The COVID-19 pandemic has at the very least slowed down various activities and essential services around the world and at the most crippled the economies. First world leaders responded to the pandemic by imposing shutdowns and travel bans and the rest of the world responded similarly.

With many communities shutting down travel and holiday related activities, the tourism sector and its related companies, communities and the people who depend on related income streams for their livelihoods, were heavily affected. With Namibia’s tourism sector being a major contributory to the GDP of the country and having been the fastest growing economic sector over the last few years, the country was not spared.
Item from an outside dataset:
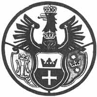 В последней четверти девятнадцатого столетия «коммунальный» герб практически прекратил своё существование, хотя в книге Армштедта и Фишера «Краеведение Кенигсберга», увидевшей свет в 1895 году на форзаце изображён именно он. «Коммунальный» герб сменил новый, объединивший гербы трёх городов под общей королевской короной: сверху справа располагался герб Альтштадта, слева - Лёбенихта, внизу - Кнайпхофа. Именно этот герб украшал башню кнайпхофской ратуши, в которой заседал Кёнигсбергский магистрат вплоть до 1927 года. Гербы были нанесены на щиты немецкого типа, а вот на гербе Альтштадта вкралась геральдическая ошибка: крест оказался мальтийским. Мальтийский крест можно обнаружить также на «коммунальном» гербе и на этикетке (назначение которой мне неизвестно), изданной магистратом города (по всей видимости конец 19 века). Этикетка повторяла собой городскую печать и была выполнена на тиснённой плотной бумаге в виде круга с зубчиками на внешней стороне, в центре было изображение трёх гербов под общей короной, а по окружности надпись «MAGISTRAT d KONIGL. HAUPT u RESIDENZSTADT KONIGSBERG». Следует отметить, что к этому же периоду относится и выпуск этикетки с символикой (печатью) кёнигсбергского купечества, на которой был изображён трёхмачтовый парусник с королевским прусским орлом на корме и надписью «VORSTEHER AMT D. KAUFMANNSFT zu KONIGSBERG».

Soon after the country reported its first case in March 2020, the government declared a state of emergency, followed by a national lockdown in the same month that lasted for 6 months until 28th September 2020 bringing tourism to a standstill.

For over two decades, communities, government, conservation and development organizations have worked within Namibia to develop a unique and successful model that has contributed immensely in conserving unique landscapes from conversion to other competing land uses and preserving the species and bio-diversity of the country in a sustainable manner that integrates the rights of the indigenous people and contributes to rural development through its renowned Community Based Natural Resource Management (CBNRM) programme. Naturally to date the programme has been intricately interlinked with the tourism sector, with communal conservancies paying for costs of conservation (including but not limited to anti-poaching activities, resource monitoring, human wildlife conflict mitigation measures etc.) and embarking on developmental projects with income earned from tourism linked activities. Namibia has 61 joint-venture tourism agreements in rural areas with enterprises directly employing more than 1,174 full time and 50 part time staff. In these remote areas, employment income feeds anywhere between 5 to 7 family members. Without consideration of the employment created by other small and medium enterprises in the tourism value chain, the conservancies themselves (e.g. game guards), it is clear that income from joint-venture tourism activities in communal conservancies has helped to transform lives of rural Namibians.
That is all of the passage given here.